In the entries below, repeat only the lines between those holding "Praktikus és kényelmes" and "- 9 pcs Silicone", inclusive. Leave pictures out.
─── Source material
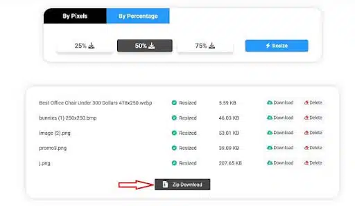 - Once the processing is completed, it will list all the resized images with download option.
──────
─── Source material
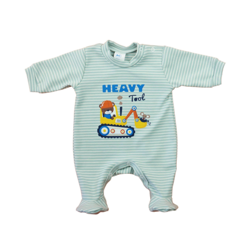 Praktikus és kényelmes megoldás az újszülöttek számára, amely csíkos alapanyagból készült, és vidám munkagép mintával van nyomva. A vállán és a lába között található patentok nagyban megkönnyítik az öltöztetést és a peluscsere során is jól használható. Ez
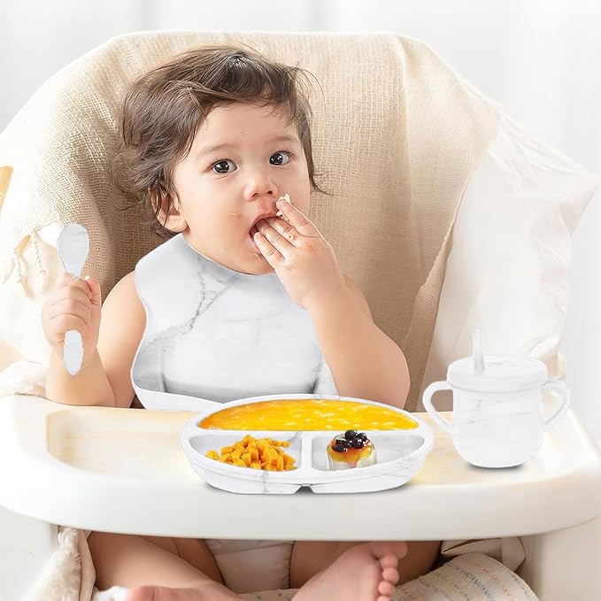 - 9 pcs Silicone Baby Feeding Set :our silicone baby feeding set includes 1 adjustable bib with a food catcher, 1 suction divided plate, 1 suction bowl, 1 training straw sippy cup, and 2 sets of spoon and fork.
──────
## The answer
 Praktikus és kényelmes megoldás az újszülöttek számára, amely csíkos alapanyagból készült, és vidám munkagép mintával van nyomva. A vállán és a lába között található patentok nagyban megkönnyítik az öltöztetést és a peluscsere során is jól használható. Ez
 - 9 pcs Silicone Baby Feeding Set :our silicone baby feeding set includes 1 adjustable bib with a food catcher, 1 suction divided plate, 1 suction bowl, 1 training straw sippy cup, and 2 sets of spoon and fork.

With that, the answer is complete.